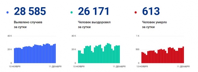 По состоянию на утро 11 декабря в России зарегистрированы 28 585 новых случаев заражения коронавирусной инфекцией и 613 летальніх случаев от коронавируса.
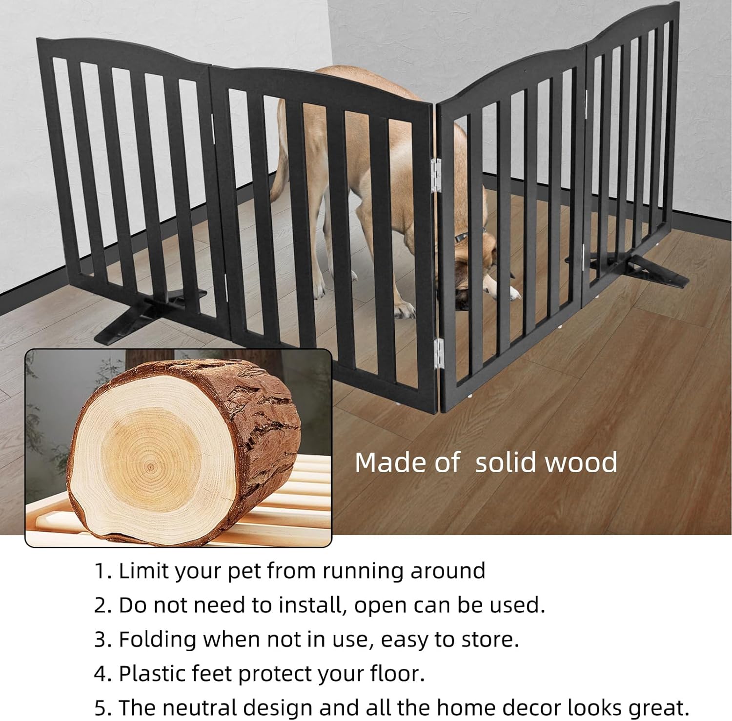 • 【3 PANELS】 Dog gates is built with 3 separate panels, secured together with sturdy stainless steel hinges.dog gates is a dog fence, room divider, and pet pen all in one.
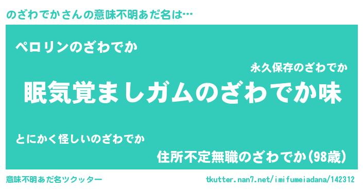 | ヘコむあだ名 | 『のざにー』『のざわでか(苦笑)』 |
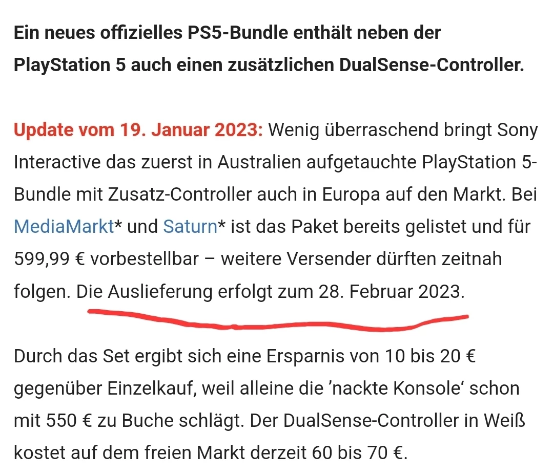 Ich habe im Internet gelesen das die Bundle Version "PS5 mit Laufwerk + zweitem Controller" erst ab dem 28.02.2023 generell zu haben ist. Was an dieser Aussage wahr ist, kann ich leider nicht sagen.
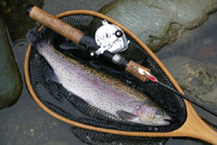 2012年12月28日天竜川のニジマスです。浜松は暖かいかと思ったら気温6度と水温11度よりも低い。おまけに午後は予報通りに雨になりました。そんな中なんとか良型のニジマスが釣れて今年の締めくくりとすることができました。でも、これがつい30分前に放流されたばかりの魚だということは、口が裂けてもいえません。ハイ水か。 (2012/12/30)
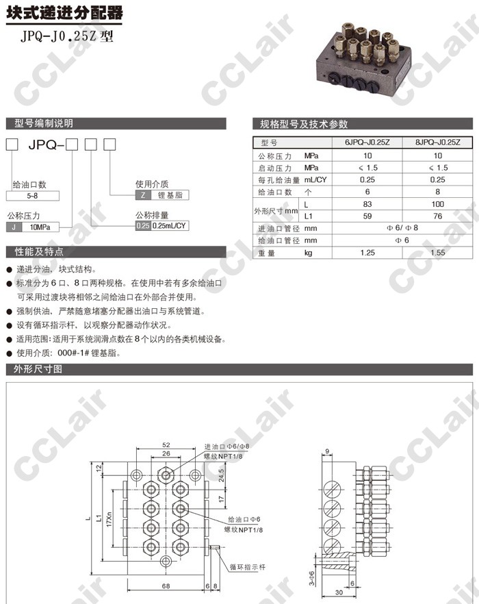 6JPQ-J0.25Z,8JPQ-J0.25Z,塊式遞進分配器
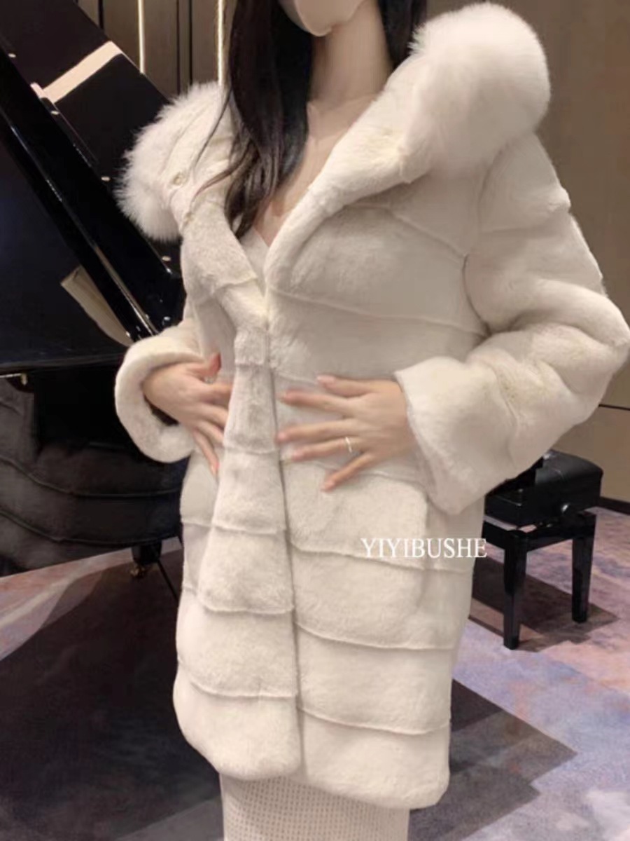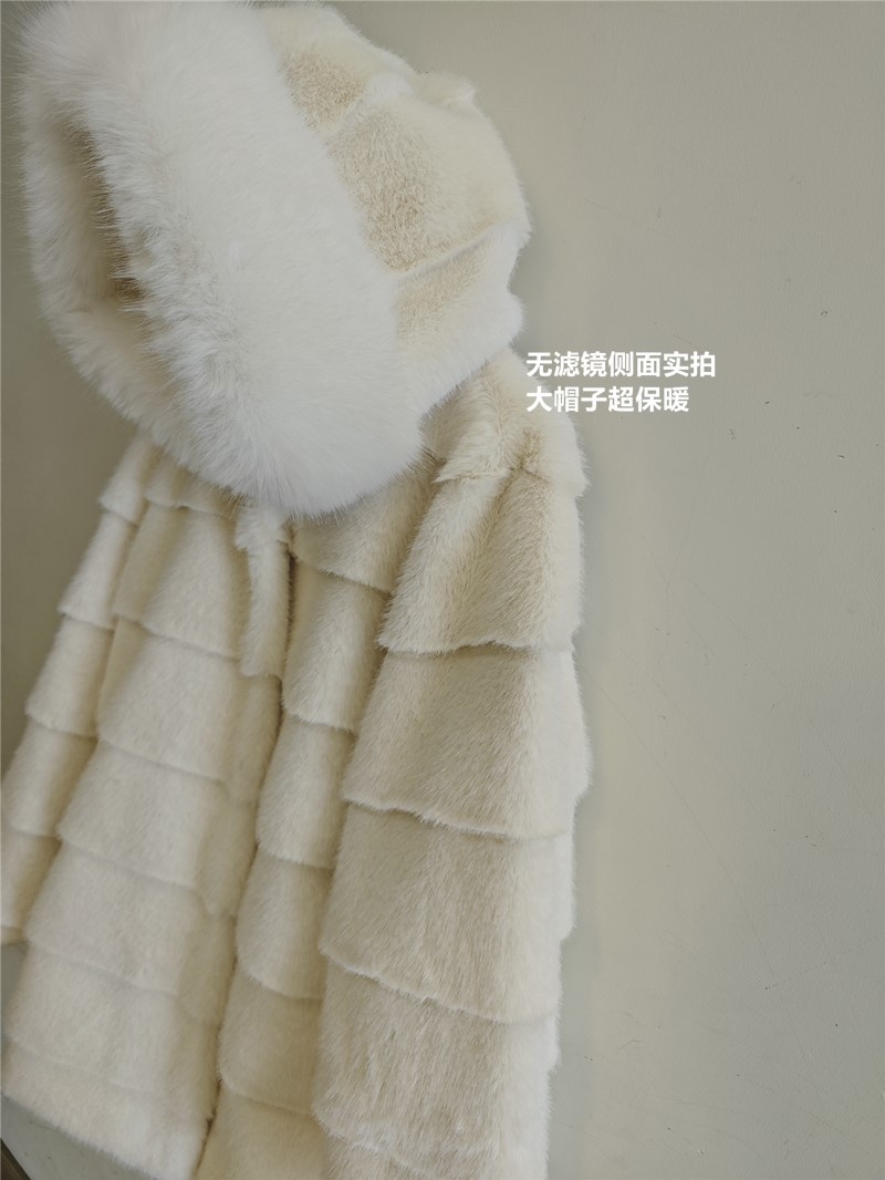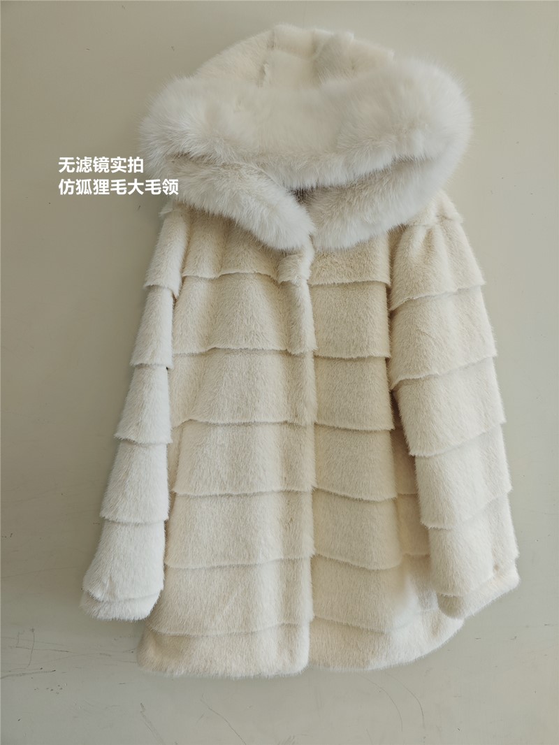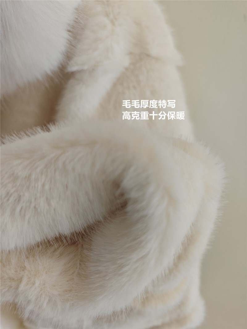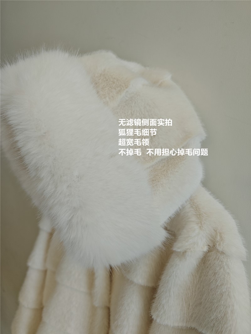 韩国环保皮草大衣女连帽毛领仿皮草长款女冬季外套温柔风名媛
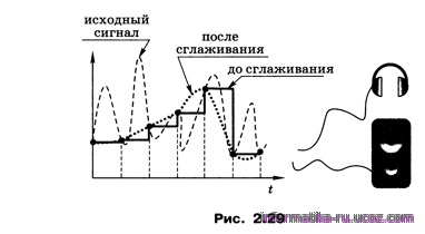 Простейший метод восстановления сигнала по отдельным отсчётам — построить ступенчатый сигнал (рис. 2.29). В современных звуковых картах для повышения качества звука этот ступенчатый сигнал сглаживается с помощью специальных фильтров, однако восстановить точно исходный сигнал всё равно не удаётся, так как информация о значениях сигнала между моментами дискретизации была потеряна при оцифровке.
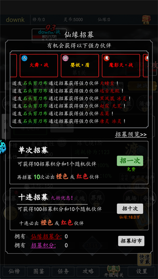 3、伙伴招募、通过 “仙缘招募” 获取伙伴,单次招募有机会得强力角色,十连招募必出橙色或红色品质伙伴,优先积累资源十连。
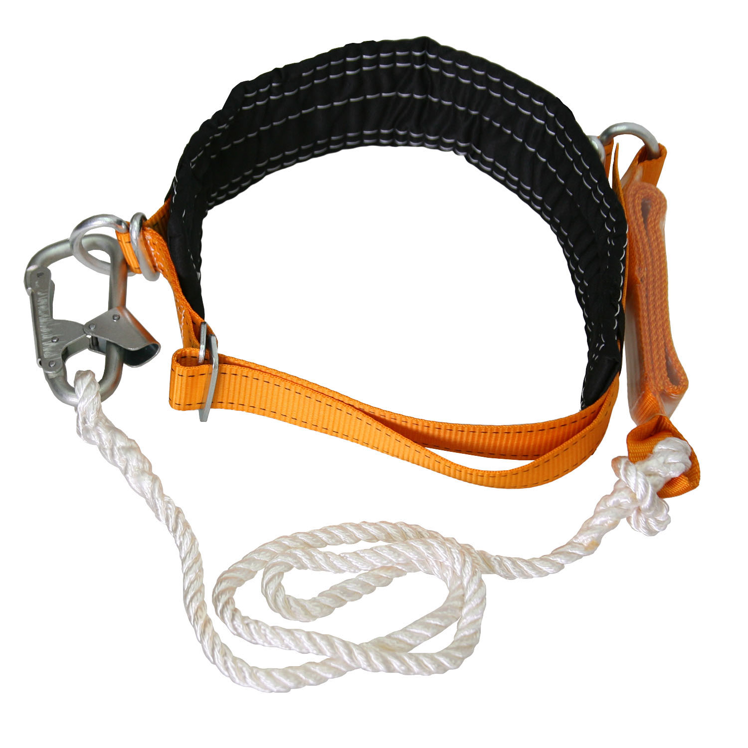 Удерживающая система (безлямочная) со стропом из каната и с амортизатором. Данная система является принадлежностью личного снаряжения, предохраняющего работающего от падения с высоты в процессе производства строительных, монтажных, ремонтных и восстановительных работ. Применение: для удержания от падения с высоты, позиционирования, ограничения и безопасного перемещения на высоте. Система состоит из привязи (ремня с пряжкой, кушака, двух D-колец) и стропа (полиамидного каната, амортизатора, монтажный карабин и крепежная петля).
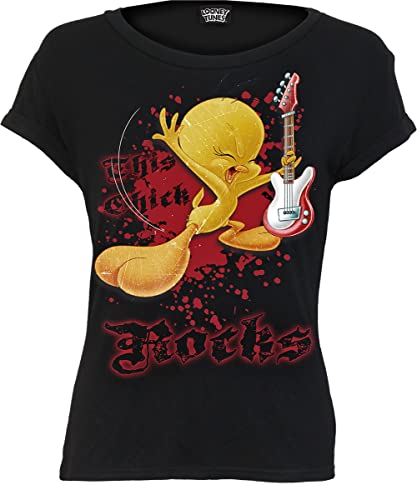 Looney Tunes – Tweety – This Chick Rocks – båthals keps ärm topp svart – L, Svart, L
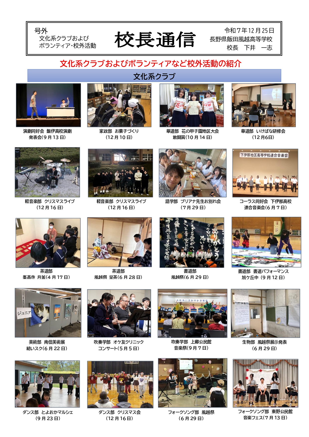 校長通信 12月25日(木) 12月25日(木) 9月25日㈭ 7月30日(金) 7月7日(金) 4月25日(金) 4月17日(木) 3月24日(月) 3月4日(月) 12月26日(月) 9月25日(水) 7月25日(金) 4月27日(金) 3月22日(金) 3月1日(金) 12月27日(水) 9月28日(木)
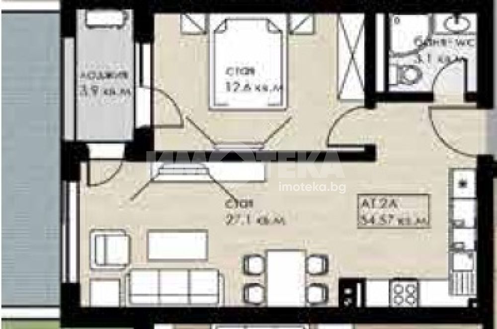Двустайно ателие АТ.2А със застроена площ от 54.57 кв.м. Разположено е на първи етаж. Състои се от: дневна, спалня, баня с тоалетна и тераса. Изложението е североизточно. Височината под-таван е 2.70 метра. Без комисион.
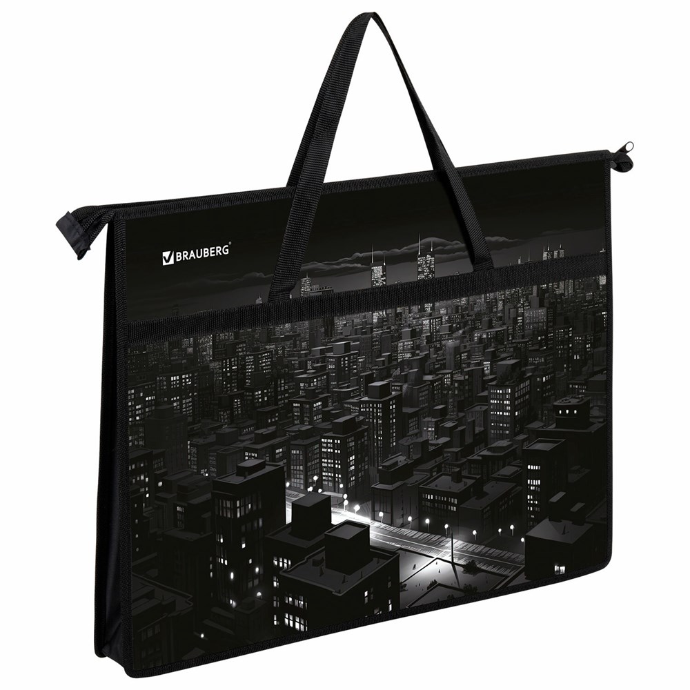 Папка для рисунков и чертежей с ручками BRAUBERG А3, пластик, молния сверху, "Night city", 273410
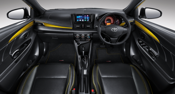 Không gian nội thất nổi bật bởi các đường chỉ khâu màu vàng tương phản trên các hàng ghế màu đen và thảm lót chân, bảng điều khiển và cửa trước cũng có các vệt vàng chạy dài nổi bật. Xe trang bị màn hình cảm ứng 7 inch, tích hợp chức năng giải trí lẫn hiển thị hình ảnh từ camera lùi hỗ trợ tài xế đỗ xe, ghế và vô-lăng bọc da, chìa khóa thông minh, hệ thống âm thanh 2DIN, kết nối Bluetooth và các thiết bị ngoại vi.
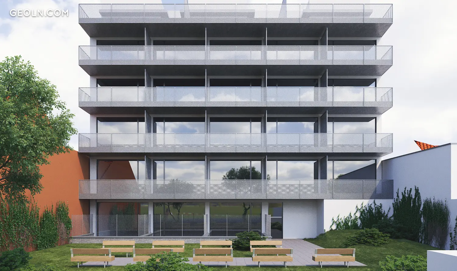 Многофункциональный дом сочетает в себе более интимную жизнь с нежилыми помещениями и офисами. Они ориентированы на улицу. В резиденции будет всего 41 единица жилья 1 + кк и 2 + кк.
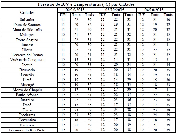 Uma das características da primavera é o aumento da incidência de radiação solar no Hemisfério Sul e, consequentemente, a elevação dos Índices de Radiação Ultravioleta (IUV's). Esse aumento pode ser verificado nos Índices previstos para o período de 02/10 (sexta-feira) a 04/10 (domingo), quando deverão variar de 11 a 12. Segundo a Organização Mundial de Saúde (OMS) estes IUV's estão classificados na categoria de intensidade “Extrema” e, por isso, os cuidados quanto à exposição prolongada à radiação solar devem ser mantidos, principalmente, nos horários das 10 às 16 horas, quando há maior incidência. Para isso, recomenda-se o uso de protetor/filtro solar, chapéus, bonés, óculos escuros e roupas leves.
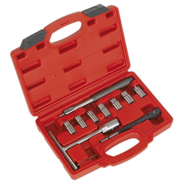 • Set of seven diesel injector seat cleaners, ream, centring pilot and T-handle.
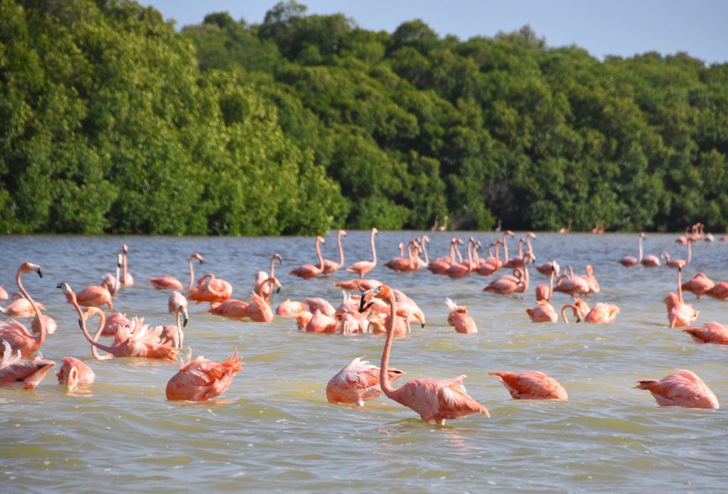 A pochi chilometri da Celestùn, un tranquillo villaggio che si muove a passo di tartaruga, saliamo su una piccola imbarcazione e, prima di accorgercene, siamo circondati da centinaia di fenicotteri rosa.
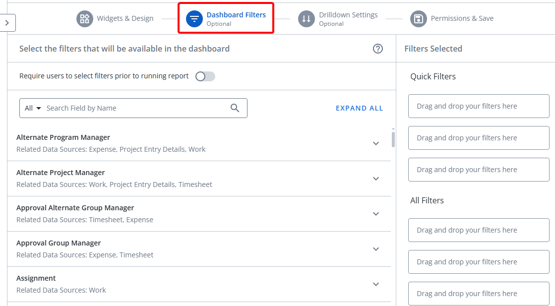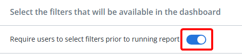 Tip: Toggling "Require users to apply filters before running report" will ensure that users apply at least one filter to the Dashboard before running it.
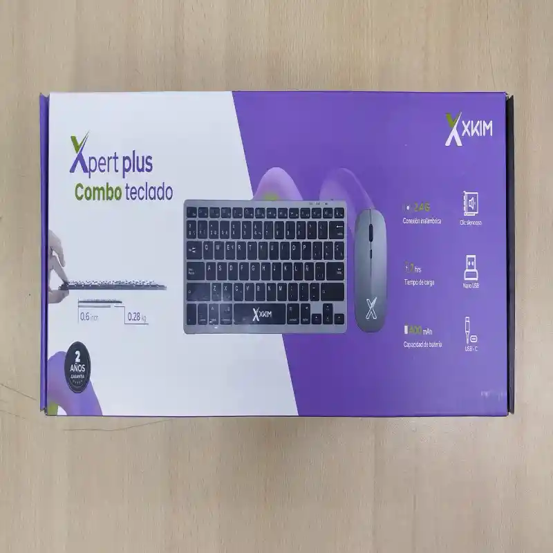 Teclado y Mouse X Kim Xpert Plus Inalámbrico Conjunto inalámbrico compuesto por teclado de tamaño completo y ratón óptico ergonómico, ideal para uso doméstico u oficina. Ofrece libertad de movimiento, diseño moderno y una experiencia de escritura cómoda y silenciosa. Características: – conexión inalámbrica mediante receptor USB – teclado de diseño extendido con teclas de perfil bajo y escritura suave – mouse óptico con diseño ambidiestro y desplazamiento fluido – alcance de hasta 10 metros para mayor comodidad – tecnología de bajo consumo energético – compatible con Windows, macOS y otros sistemas con puerto USB – instalación automática sin necesidad de software adicional Perfecto para quienes buscan funcionalidad y practicidad sin cables.

* Work instruction
Repeat each of the entries above exactly, but do not carry over the pictures.

* Task response
 По состоянию на утро 11 декабря в России зарегистрированы 28 585 новых случаев заражения коронавирусной инфекцией и 613 летальніх случаев от коронавируса.
 • 【3 PANELS】 Dog gates is built with 3 separate panels, secured together with sturdy stainless steel hinges.dog gates is a dog fence, room divider, and pet pen all in one.
 | ヘコむあだ名 | 『のざにー』『のざわでか(苦笑)』 |
 Ich habe im Internet gelesen das die Bundle Version "PS5 mit Laufwerk + zweitem Controller" erst ab dem 28.02.2023 generell zu haben ist. Was an dieser Aussage wahr ist, kann ich leider nicht sagen.
 2012年12月28日天竜川のニジマスです。浜松は暖かいかと思ったら気温6度と水温11度よりも低い。おまけに午後は予報通りに雨になりました。そんな中なんとか良型のニジマスが釣れて今年の締めくくりとすることができました。でも、これがつい30分前に放流されたばかりの魚だということは、口が裂けてもいえません。ハイ水か。 (2012/12/30)
 6JPQ-J0.25Z,8JPQ-J0.25Z,塊式遞進分配器
 韩国环保皮草大衣女连帽毛领仿皮草长款女冬季外套温柔风名媛
 Простейший метод восстановления сигнала по отдельным отсчётам — построить ступенчатый сигнал (рис. 2.29). В современных звуковых картах для повышения качества звука этот ступенчатый сигнал сглаживается с помощью специальных фильтров, однако восстановить точно исходный сигнал всё равно не удаётся, так как информация о значениях сигнала между моментами дискретизации была потеряна при оцифровке.
 3、伙伴招募、通过 “仙缘招募” 获取伙伴,单次招募有机会得强力角色,十连招募必出橙色或红色品质伙伴,优先积累资源十连。
 Удерживающая система (безлямочная) со стропом из каната и с амортизатором. Данная система является принадлежностью личного снаряжения, предохраняющего работающего от падения с высоты в процессе производства строительных, монтажных, ремонтных и восстановительных работ. Применение: для удержания от падения с высоты, позиционирования, ограничения и безопасного перемещения на высоте. Система состоит из привязи (ремня с пряжкой, кушака, двух D-колец) и стропа (полиамидного каната, амортизатора, монтажный карабин и крепежная петля).
 Looney Tunes – Tweety – This Chick Rocks – båthals keps ärm topp svart – L, Svart, L
 校長通信 12月25日(木) 12月25日(木) 9月25日㈭ 7月30日(金) 7月7日(金) 4月25日(金) 4月17日(木) 3月24日(月) 3月4日(月) 12月26日(月) 9月25日(水) 7月25日(金) 4月27日(金) 3月22日(金) 3月1日(金) 12月27日(水) 9月28日(木)
Двустайно ателие АТ.2А със застроена площ от 54.57 кв.м. Разположено е на първи етаж. Състои се от: дневна, спалня, баня с тоалетна и тераса. Изложението е североизточно. Височината под-таван е 2.70 метра. Без комисион.
 Папка для рисунков и чертежей с ручками BRAUBERG А3, пластик, молния сверху, "Night city", 273410
 Không gian nội thất nổi bật bởi các đường chỉ khâu màu vàng tương phản trên các hàng ghế màu đen và thảm lót chân, bảng điều khiển và cửa trước cũng có các vệt vàng chạy dài nổi bật. Xe trang bị màn hình cảm ứng 7 inch, tích hợp chức năng giải trí lẫn hiển thị hình ảnh từ camera lùi hỗ trợ tài xế đỗ xe, ghế và vô-lăng bọc da, chìa khóa thông minh, hệ thống âm thanh 2DIN, kết nối Bluetooth và các thiết bị ngoại vi.
 Многофункциональный дом сочетает в себе более интимную жизнь с нежилыми помещениями и офисами. Они ориентированы на улицу. В резиденции будет всего 41 единица жилья 1 + кк и 2 + кк.
 Uma das características da primavera é o aumento da incidência de radiação solar no Hemisfério Sul e, consequentemente, a elevação dos Índices de Radiação Ultravioleta (IUV's). Esse aumento pode ser verificado nos Índices previstos para o período de 02/10 (sexta-feira) a 04/10 (domingo), quando deverão variar de 11 a 12. Segundo a Organização Mundial de Saúde (OMS) estes IUV's estão classificados na categoria de intensidade “Extrema” e, por isso, os cuidados quanto à exposição prolongada à radiação solar devem ser mantidos, principalmente, nos horários das 10 às 16 horas, quando há maior incidência. Para isso, recomenda-se o uso de protetor/filtro solar, chapéus, bonés, óculos escuros e roupas leves.
 • Set of seven diesel injector seat cleaners, ream, centring pilot and T-handle.
 A pochi chilometri da Celestùn, un tranquillo villaggio che si muove a passo di tartaruga, saliamo su una piccola imbarcazione e, prima di accorgercene, siamo circondati da centinaia di fenicotteri rosa.
 Tip: Toggling "Require users to apply filters before running report" will ensure that users apply at least one filter to the Dashboard before running it.
 Teclado y Mouse X Kim Xpert Plus Inalámbrico Conjunto inalámbrico compuesto por teclado de tamaño completo y ratón óptico ergonómico, ideal para uso doméstico u oficina. Ofrece libertad de movimiento, diseño moderno y una experiencia de escritura cómoda y silenciosa. Características: – conexión inalámbrica mediante receptor USB – teclado de diseño extendido con teclas de perfil bajo y escritura suave – mouse óptico con diseño ambidiestro y desplazamiento fluido – alcance de hasta 10 metros para mayor comodidad – tecnología de bajo consumo energético – compatible con Windows, macOS y otros sistemas con puerto USB – instalación automática sin necesidad de software adicional Perfecto para quienes buscan funcionalidad y practicidad sin cables.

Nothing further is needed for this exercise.